Aller au contenu principal

Le revenant et la sainte aveugle

Chapitre 159

Le revenant et la sainte aveugleLe revenant et la sainte aveugle
Chapitre 159

Chapitre 159

Chapitre 159/24266%~12 min de lecture2 361 mots

Il ne fallut pas longtemps à Vera pour comprendre les paroles de Hodrick.

Il y avait une signification claire derrière ses mots.

« Les Apôtres des générations précédentes… »

Il était l'Apôtre du Serment de la génération précédente. C'est ce qu'il disait.

Vera resta sans voix. Rien ne lui venait à l'esprit pour répondre à cette déclaration.

Entre-temps, Hodrick, comme s'il regrettait ce qu'il avait dit, partit précipitamment après avoir ajouté.

[…Je me suis mal exprimé. Cela semble trop pour toi, repose-toi pour aujourd'hui.]

Vera aurait dû l'empêcher de partir, mais il ne le put pas.
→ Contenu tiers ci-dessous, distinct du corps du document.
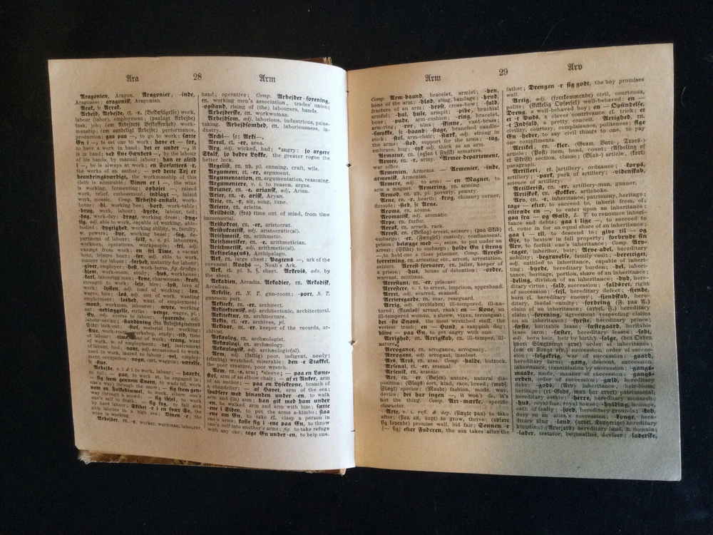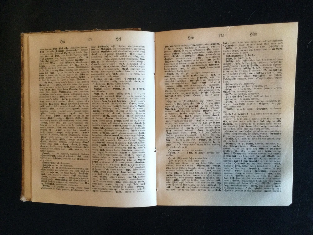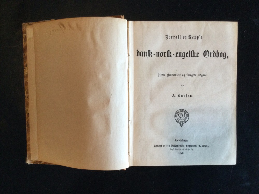 Ferall og Kepp's Dansk-norsk-engelske Ordbog, German Dictionary, 1873. Danish-Norwegian-English Dictionary. Calf spine with marbled covers. Shipped with USPS Media Mail....
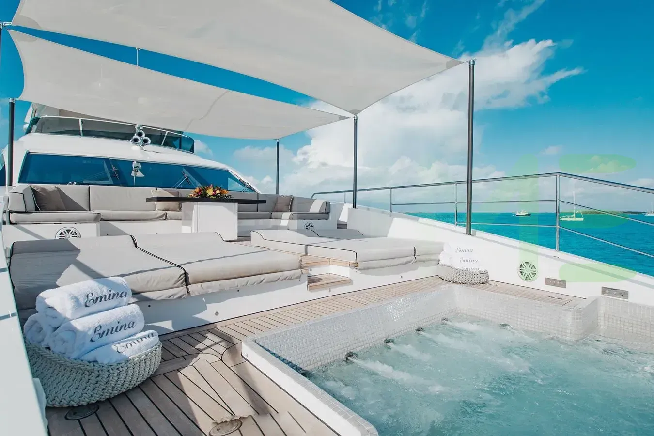 You and your guests can enjoy a variety of experiences on Emina, notably the pool, useful to practice your technique or just cool off. Even the most discerning of charter guests will enjoy the included beach club or a gym with all the latest equipment is available for a good work out. Soak up the bubbles in style in the deck jacuzzi.
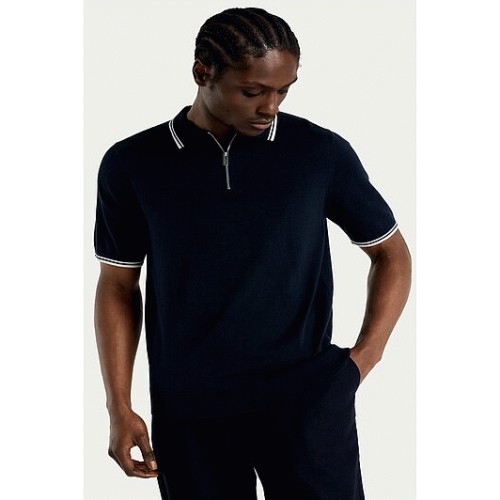 Pure Cotton Zip Neck Polo Shirt in Navy
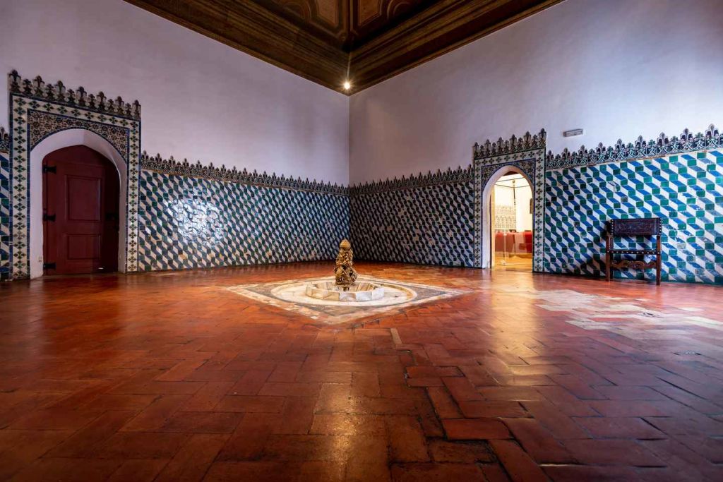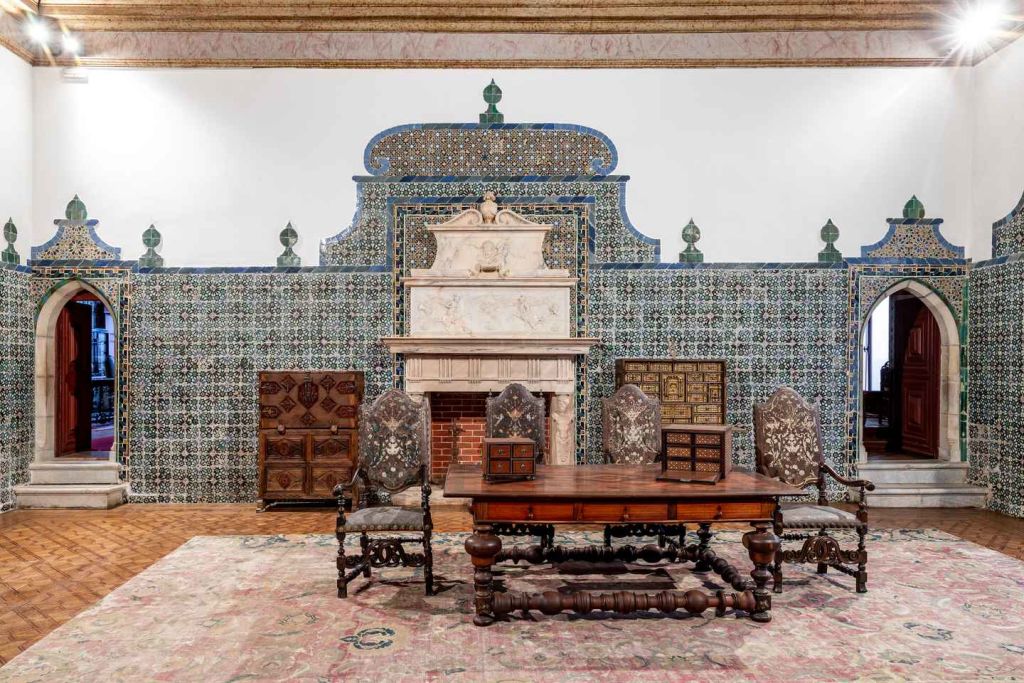 후속 확장 공사가 자연 경관을 어떻게 활용했는지 감탄하며, 내부 정원의 마누엘 양식과 무데하르 양식 디자인을 감상하고, 아치형 창문과 기하학적 패턴의 유리 타일로 장식된 벽을 발견하세요. 신트라 국립 궁전의 새로운 몰입형 경험:
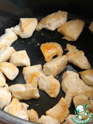 Филе куриное нарезать на кусочки. Обжарить на растительном масле.
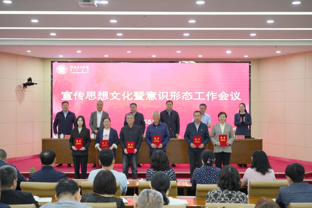 校领导为学校2024年度新闻宣传工作先进集体和先进个人颁发奖状、奖牌,为学校宣讲矩阵各宣讲团负责人颁发聘书。
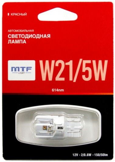 Светодиодная лампа MTF Light W21/5W 2/0.6W с уникальной конструкцией линзы отлично повторяет распространение света штатной лампы. Цвет свечения автолампы: красный.
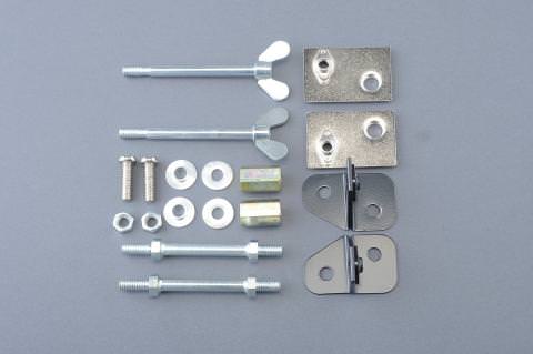 CB750Four K0初期に対応の2点留めエアクリーナーケースステーセットです。K0初期に使われた2点留めエアクリーナーケースを機能させるために必要なネジ、ボルト、ナット、ステーなどをセットにしたもの。
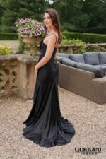 This stunning crimson satin gown by Gurbani London will get everyone’s attention. It has a bold, sculpted shape that will turn heads in the room.
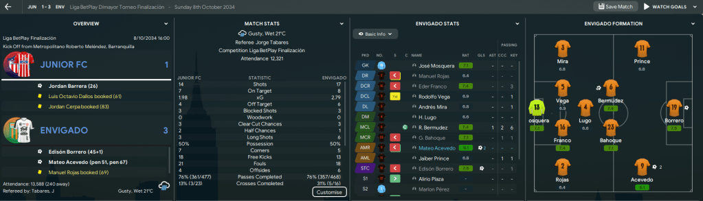 Another youngster stepped up as Lazaró again rotated fully for the continental semi. 16-year-old midfielder Cristian Ortiz started just his second league game and scored his first senior goal and created another in a 3-1 win over Petrolera. But their two main men sealed a huge win over 2nd-place Junior as Borrero and an Acevedo brace moved Envigado eight points clear.
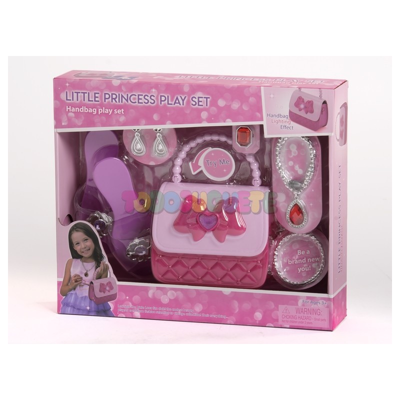 Set de belleza para princesas. Incluye bolso con luz, zapatos de tacón, pendientre, anillo, pulseras y gargantilla.
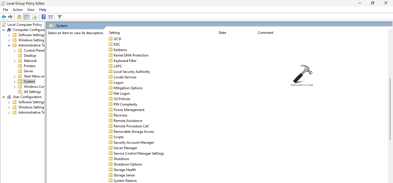 ステップ3-次に、[管理]テンプレート> [システム]> [システムの復元]に移動します。
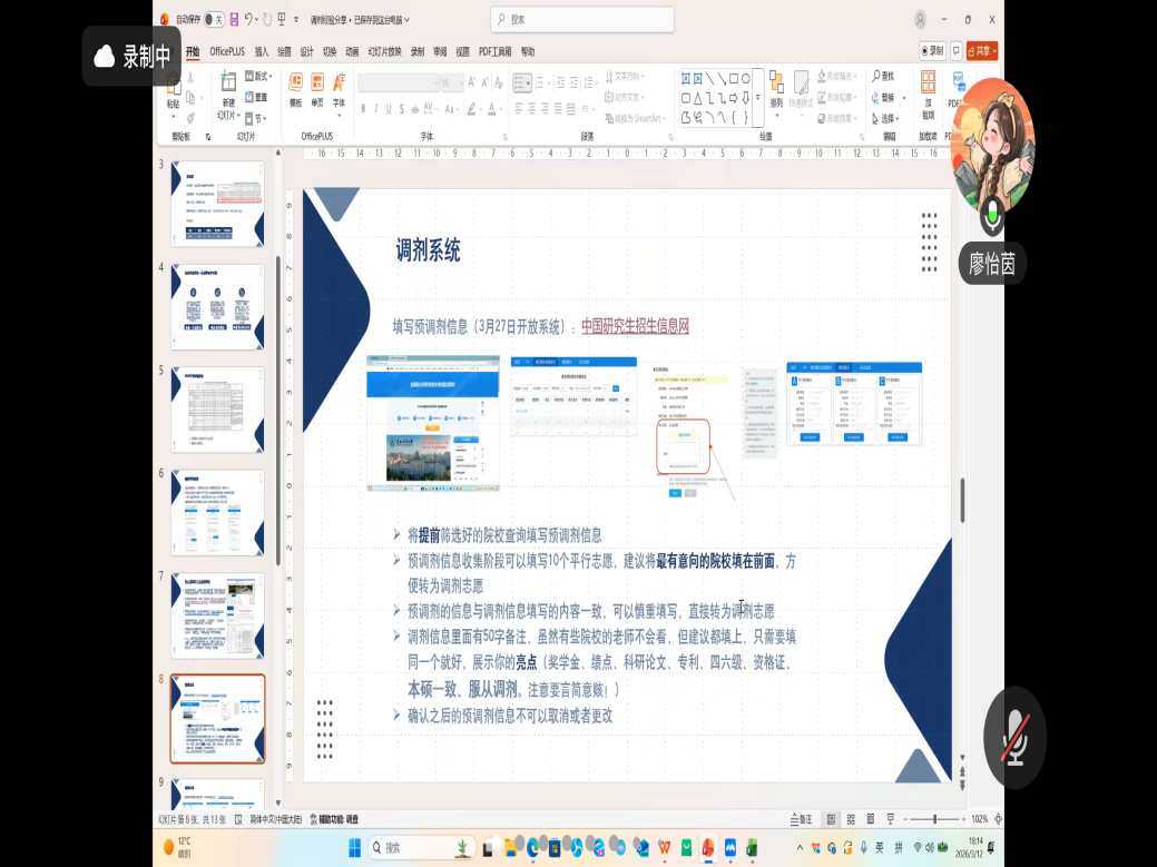 活动伊始,廖怡茵同学结合自身调剂上岸的亲身经历,带来实操性满满的经验分享。她介绍了自己从伟德victor1946教育技术学专业,一志愿报考天津师范大学,最终调剂至河北大学现代教育技术专业的全程经历,详细拆解研招网预调剂与正式调剂系统的操作要点、院校选择的实用方法,还分别讲解了线上、线下调剂复试的材料准备、行程规划与礼仪细节,为同学们提供了具体的调剂行动指南。
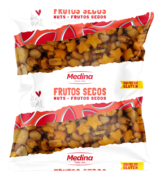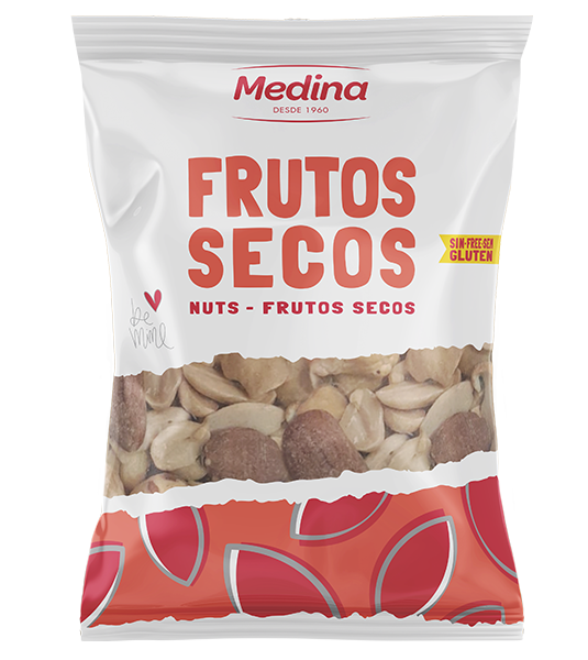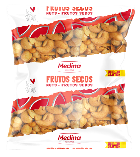 INGREDIENTES: (1) CACAHUETE repelado frito 55% (CACAHUETE, aceite de girasol alto oleico y sal), (2) ALMENDRA comuna frita 15% (ALMENDRA, aceite de girasol alto oleico y sal), (3) ANACARDO frito 15% (ANACARDO, aceite de girasol alto oleico y sal), (4) AVELLANA tostada 15% (AVELLANA). Puede contener trazas de otros frutos de cáscara.
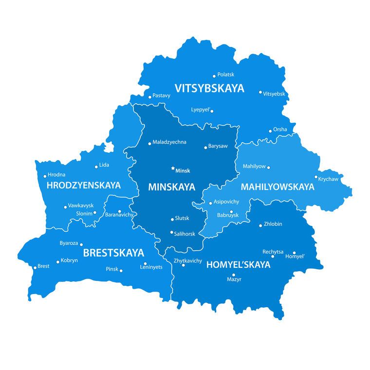 Paintings on photographic paper The map of Belarus in English
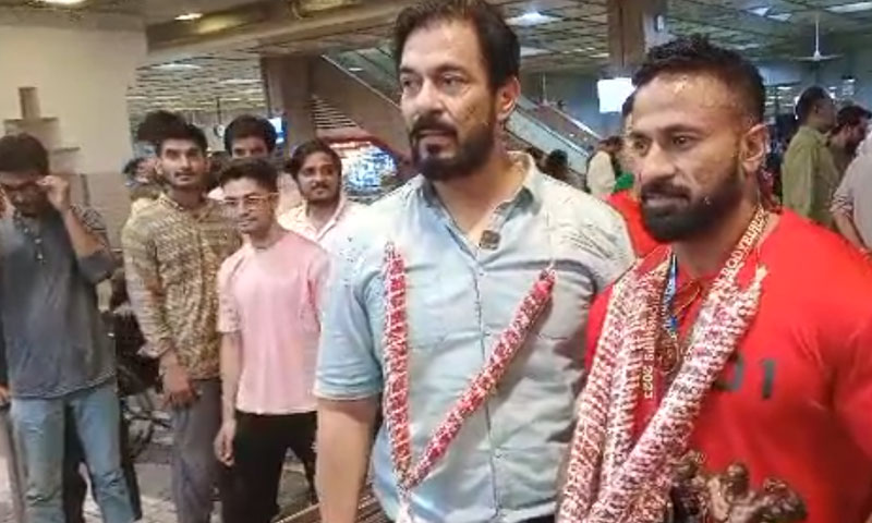 کراچی ایئرپورٹ پر فیملی، دوستوں اور باڈی بلڈرز کمیونٹی نے پھولوں کے ہار پہنا کر ان کا استقبال کیا۔
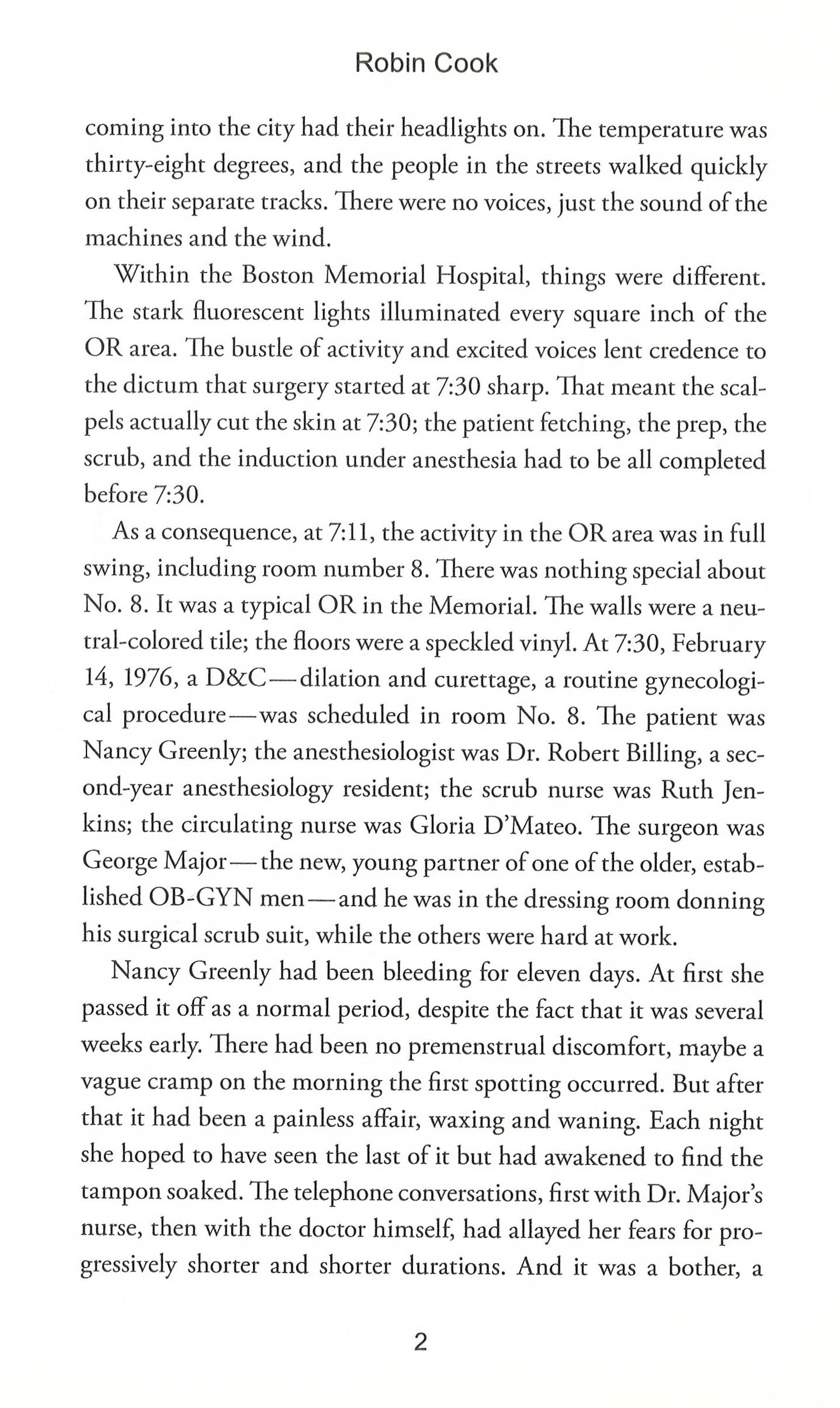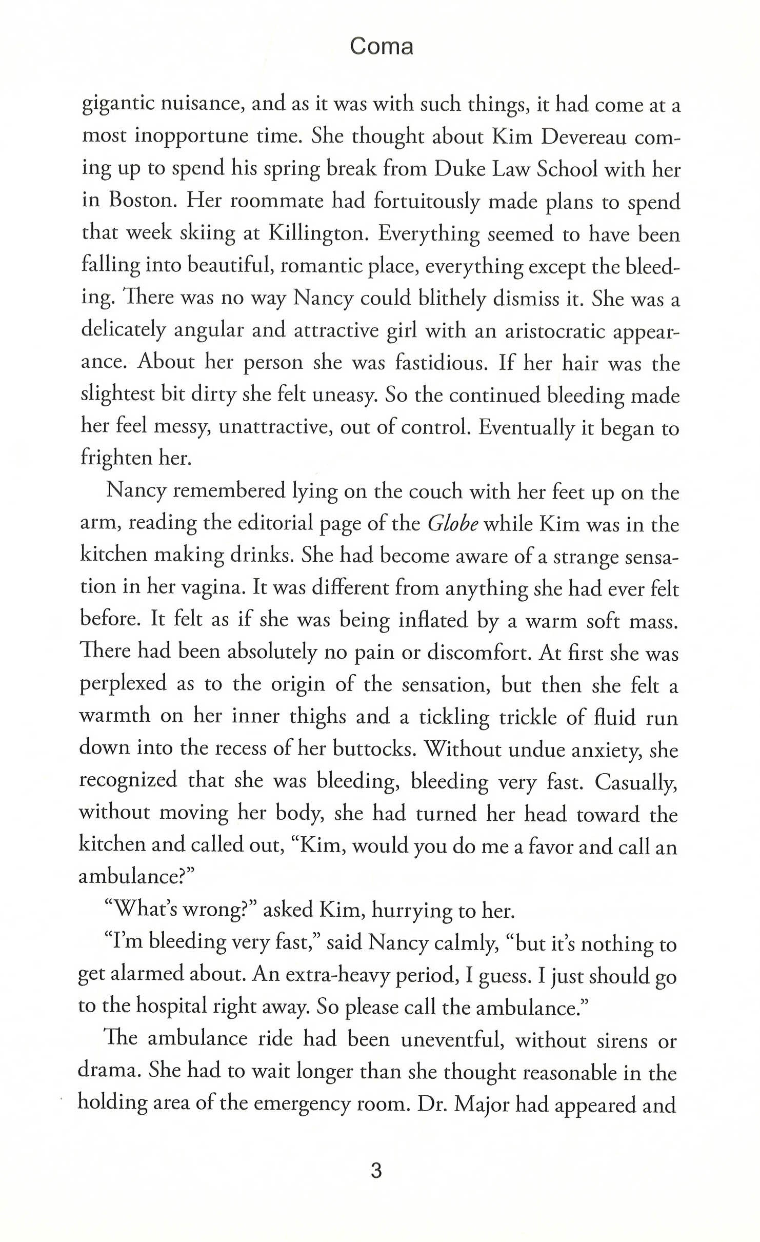 They called it "minor surgery," but Nancy Greenly, Sean Berman and a dozen others - all admitted to Boston Memorial Hospital for routine procedures - -were victims of the same inexplicable, hideous tragedy on the operating table. They never woke up.Susan Wheeler is a third-year medical student working as a trainee at Boston Memorial Hospital. Two patients during her residency mysteriously go into comas immediately after their operations due to complications from anesthesia. Susan begins to investigate the causes behind both of these alarming comas and discovers the oxygen line in Operating Room 8 has been tampered with to induce carbon monoxide poisoning.Then Susan discovers the evil nature of the Jefferson Institute, an intensive care facility where patients are suspended from the ceiling and kept alive until they can be harvested for healthy organs. Is she a participant in - or a victim of - a large-scale black market dealing in human organs?

Pendant un long moment, Vera fixa le dos qui s'éloignait de Hodrick, une expression hébétée sur le visage.

***

En y repensant, cela avait du sens.

Bien que ce ne fût pas quelque chose qu'il avait envisagé, l'existence des Apôtres avait toujours été là depuis la création de la terre. Il n'aurait pas été étrange qu'au moins l'un d'entre eux soit devenu un mort-vivant, incapable de se détacher de ses attaches persistantes au fil de cette longue histoire.

Tard dans la soirée.

Assis à la table de ses quartiers assignés, Vera se frotta le visage de la main, repensant aux sept ans et demi qu'il avait passés au Royaume Saint.

Puisqu'il avait inopinément rencontré un Apôtre de la génération précédente, il devait rassembler des informations sur l'identité exacte de Hodrick.

Cependant, il y avait peu de chances qu'il trouve une réponse.

« …Les archives sur les Apôtres précédents sont interdites de lecture. »

Cela ne s'appliquait pas seulement aux archives concernant les Apôtres, mais toutes les archives liées à l'histoire du Royaume Saint étaient inaccessibles même au Saint Empereur, Vargo, et à la Sainte, Renee.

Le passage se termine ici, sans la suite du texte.